Seeds use two fundamentally different strategies to stay dormant. Physical dormancy is the simpler version: a hard, waterproof seed coat blocks water and air from reaching the embryo inside. Seeds with physical dormancy often need to be physically damaged before they can germinate. In nature, this might happen by passing through an animal’s digestive tract, being tumbled along a rocky streambed, or experiencing cycles of freezing and thawing. Legumes like beans, peas, and clover commonly have this type of dormancy.

Physiological dormancy is far more common across the plant kingdom. Here, the embryo or surrounding tissues actively prevent germination using hormonal signals, primarily ABA. The seed won’t sprout until it receives specific environmental cues, like a prolonged cold period followed by warming, that shift the hormonal balance toward growth. Many temperate wildflowers, tree seeds, and grasses use physiological dormancy to ensure they only germinate when conditions give them the best shot at survival.

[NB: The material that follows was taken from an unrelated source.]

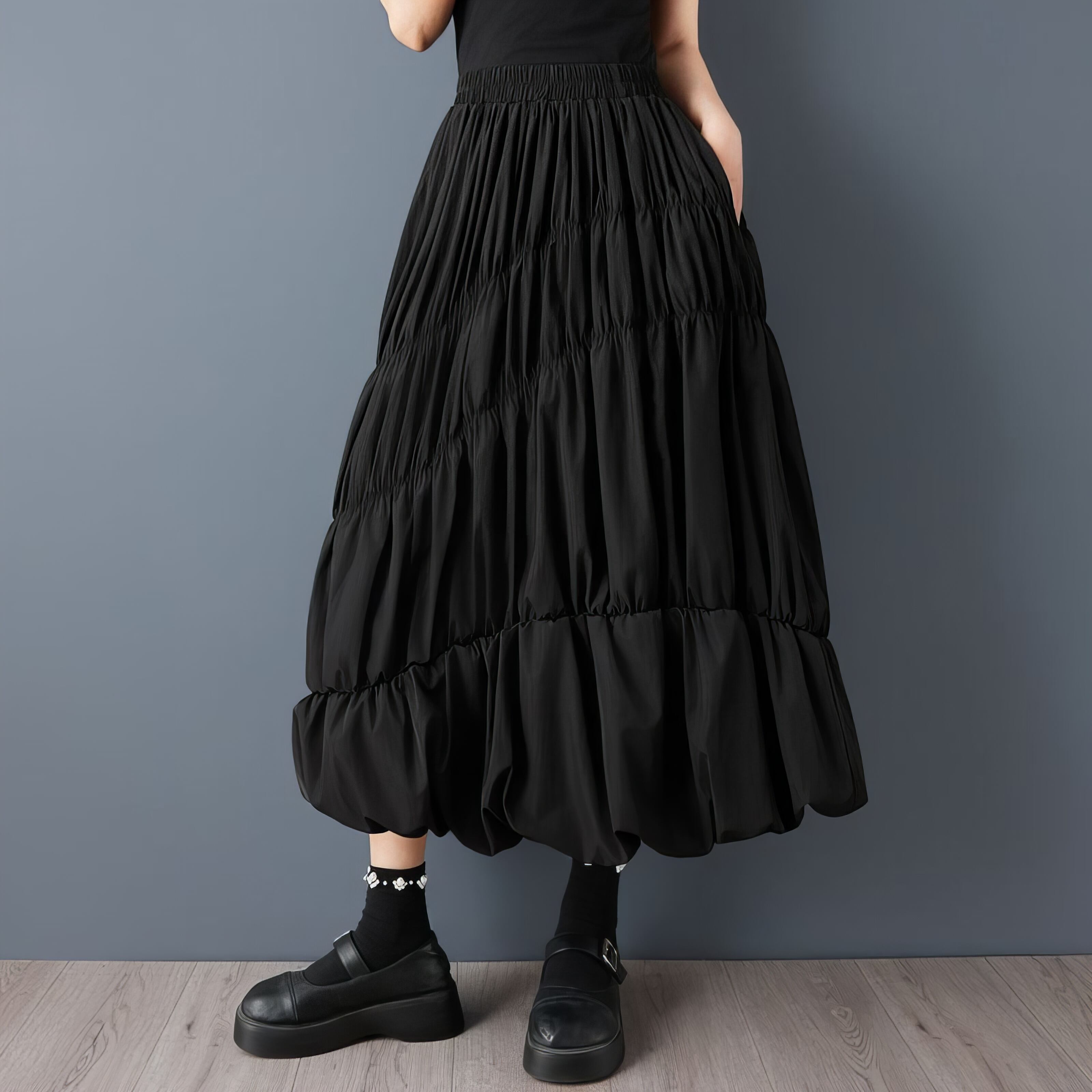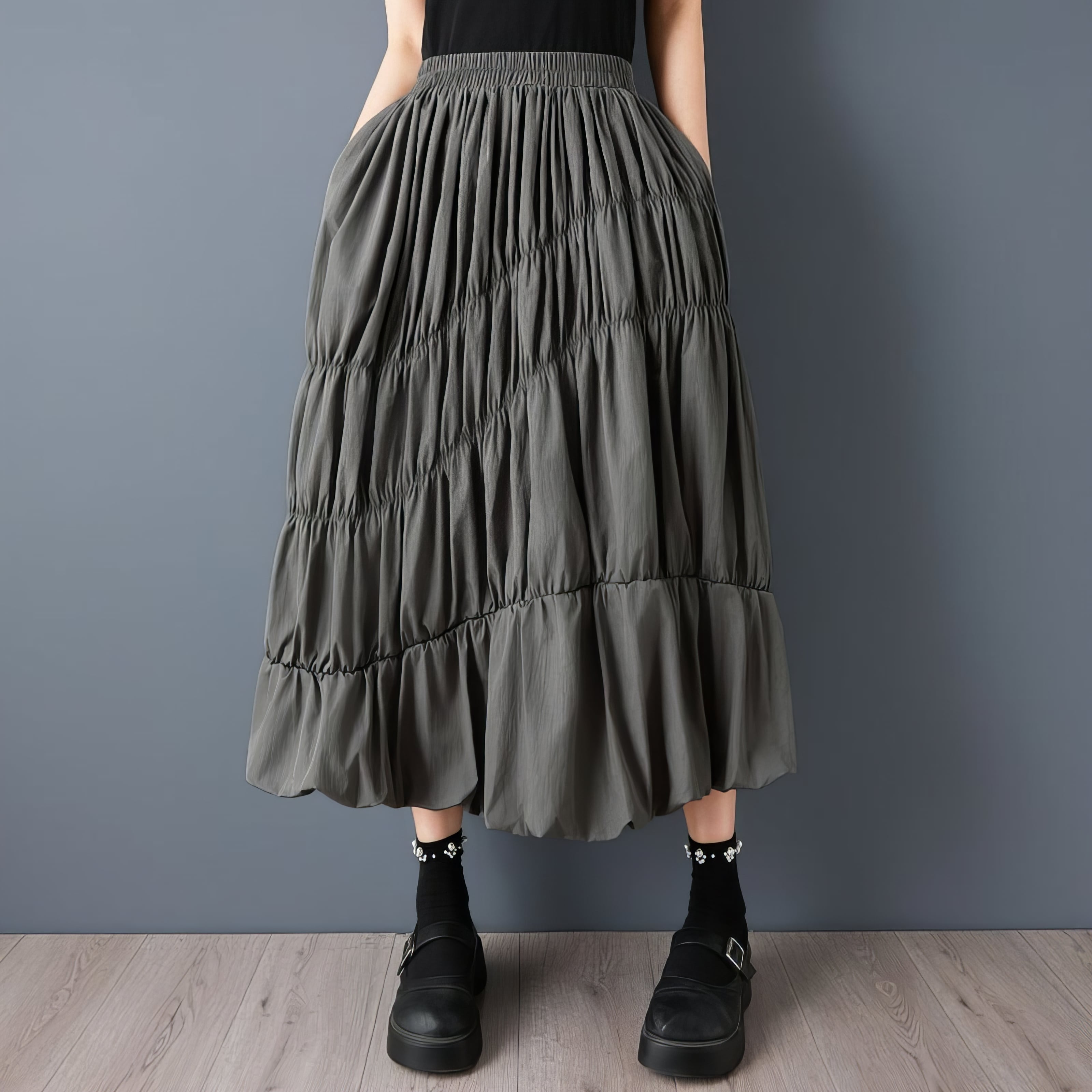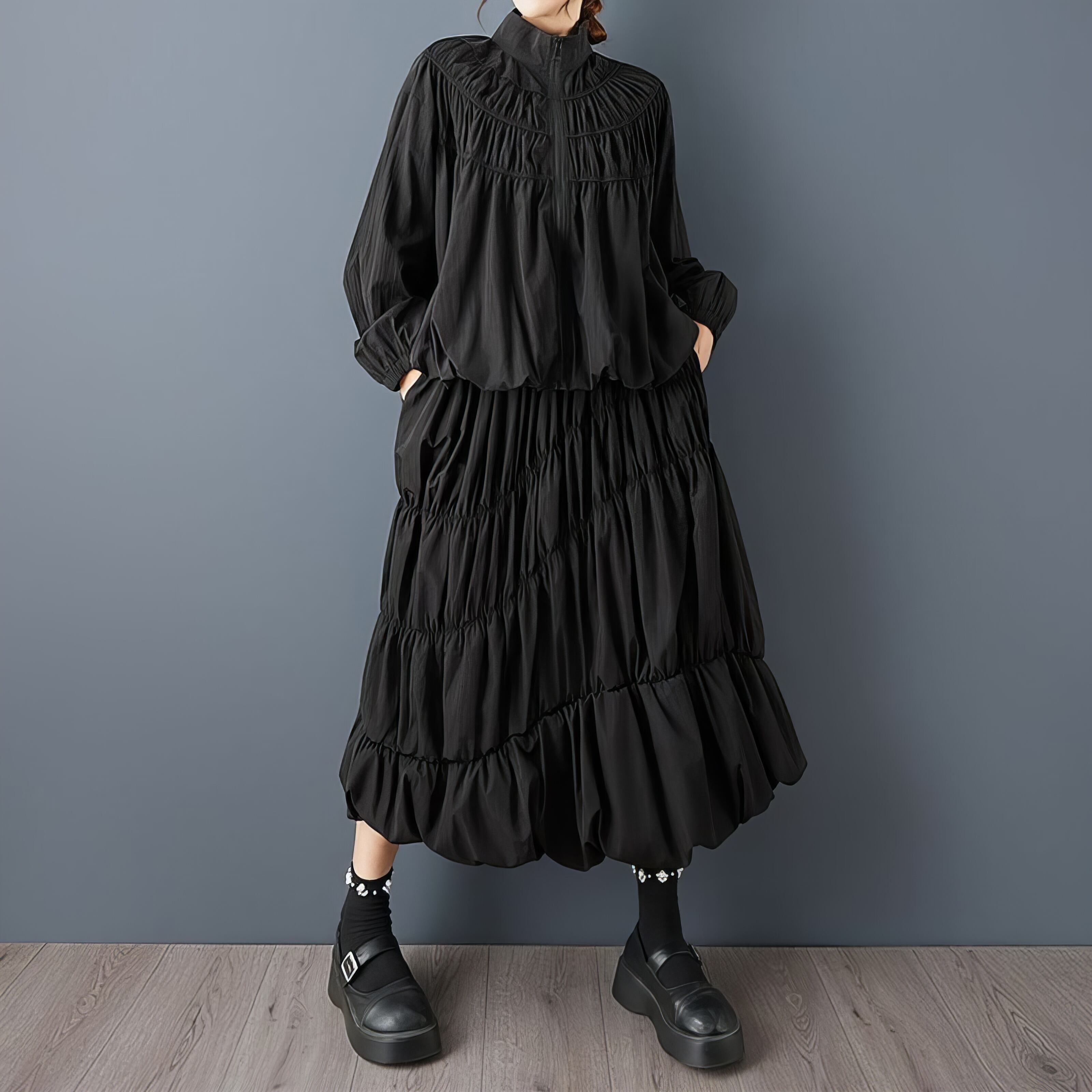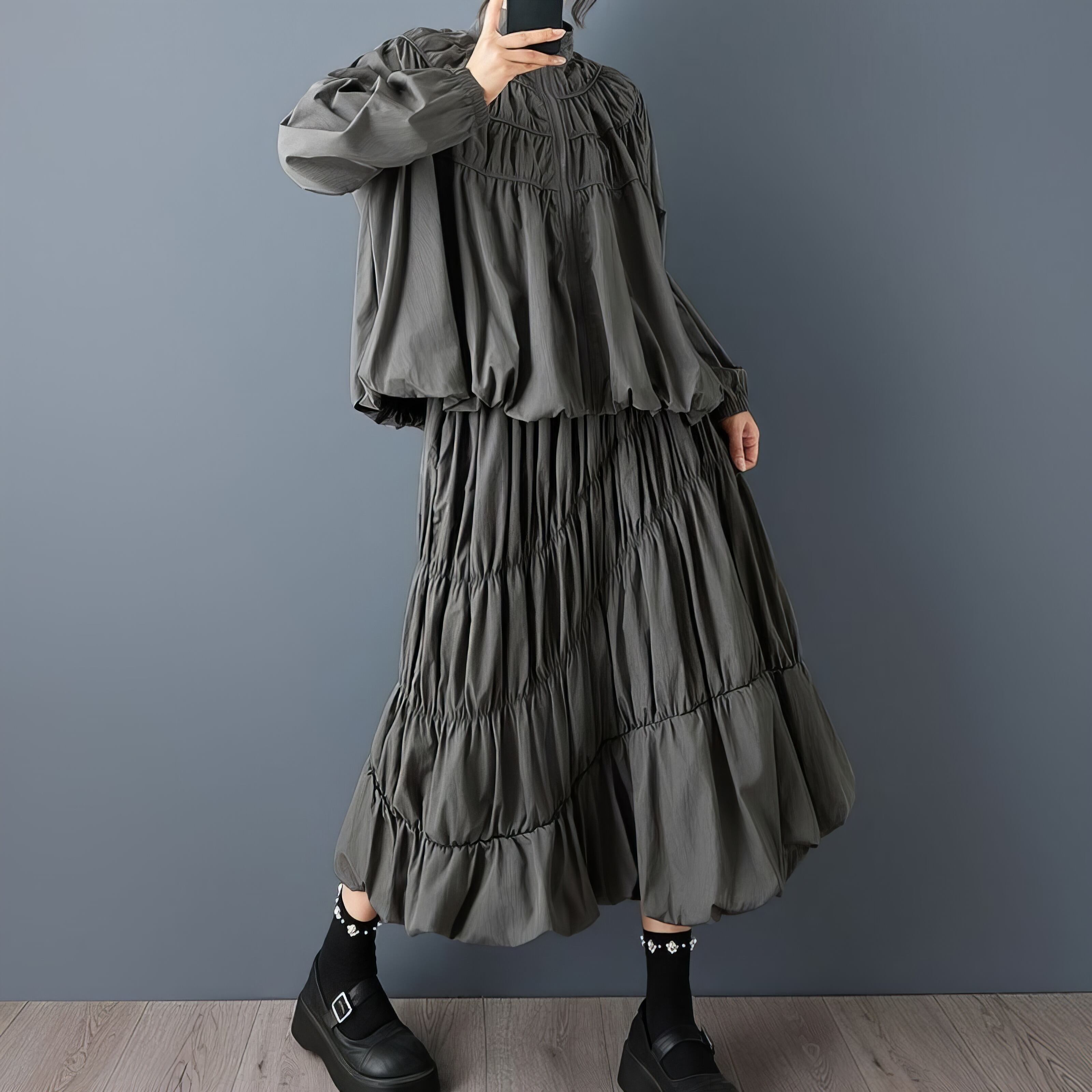 全体にたっぷりと入れたギャザーが、ふんわりとした立体感をつくるデザイン。 丸みのあるシルエットで、存在感がありながら重たく見えにくいバランスに。 単品でも使いやすく、上下で合わせるとバランスの整った着こなしが楽しめます。 ※attention※ ---------------------------------------- 商品は単品での販売となります。 セットでのご着用をご希望の場合は、それぞれをお求めください。 ---------------------------------------- 【サイズ】 ・トップス F 肩幅:56cm 胸囲:128cm 着丈:57cm 袖丈:52cm ・スカート F ウエスト:66-106cm ヒップ:172cm スカート丈:81cm ※モデル:F 着用 (身長:160cm 体重:51kg) ※手採寸のため1-3cmの誤差が生じることがございます。 【種類】 ・トップス ・スカート 【カラー】 ・グレー ・ブラック ・ホワイト 【素材】 ・ポリエステル ・その他 ■大人気 *Hot item* をご紹介 https://shop.morebelle.com/categories/6319500 ■MoreBelleでおしゃれをお楽しみください。 下記URLよりコレクションをチェック https://shop.morebelle.com 【お届けについて】 こちらの商品は海外店舗より直接発送となる為、 ご注文から 1~4週間(平均2週間)前後で発送いたします。 ■注意事項 ・タイミングによっては 商品在庫切れにより 注文キャンセルとさせていただく恐れもございますので、予めご了承くださいませ。 ・こちらは輸入品となります。日本製とは検品基準が異なる為、 新品未使用品でもごくわずかな汚れや ほつれがある場合もございます。 ・仕入れ工場を変えることがあるため、記載サイズと若干異なる場合がございます。 ・商品の色味は、お使いのモニター環境によって実物と若干異なる場合がございます。 ・イメージ違いやサイズ交換等、お客さまご都合による交換、返品は対応出来かねます。 ■Instagramで新しいファッションをシェア https://www.instagram.com/morebelle.official ------------------------ ご購入前に「ご利用ガイド」をお読みください →https://shop.morebelle.com/about ------------------------ ※メールアドレスはキャリアメール以外をご入力いただきますよう、ご協力をお願いします。

How to Break Seed Dormancy

Gardeners and growers use several techniques that mimic natural dormancy-breaking processes. For seeds with physical dormancy, scarification is the go-to method. You can nick the seed coat with a knife or file, rub seeds with sandpaper, or shake them in a container with coarse sand. For larger batches, pouring hot water over the seeds and letting them soak as it cools works well for species like morning glory and moonflower. You’ll know scarification worked if the seeds visibly swell after soaking in water.

For seeds with physiological dormancy, cold stratification replicates winter. This involves placing seeds in a moist medium like damp sand or peat and refrigerating them for weeks or months, depending on the species. Some seeds need warm stratification followed by cold stratification, mimicking the passage from summer through winter. The specific duration varies widely, from a few weeks for some wildflowers to several months for certain tree species.

Why Dormancy Evolved

Dormancy reduces the probability of death during adverse conditions and allows the organism to resume activity when favorable conditions return. That’s the individual benefit. At the population level, it does something equally important: it smooths out population swings over time, reducing the chance of extinction during a bad year. A population where some seeds remain dormant in the soil for years creates a built-in insurance policy. Even if an entire season’s seedlings are wiped out by drought or frost, the dormant seed bank can repopulate the area when conditions improve.

This strategy is so effective that it may have helped life survive some of Earth’s most catastrophic events. Dormant organisms could have persisted through asteroid impacts and volcanic winters by waiting out surface-sterilizing conditions in subsurface refugia. Dormancy also aids colonization of new environments: seeds and spores can survive long-distance dispersal across hostile terrain precisely because they’re metabolically inactive and resistant to damage during transit.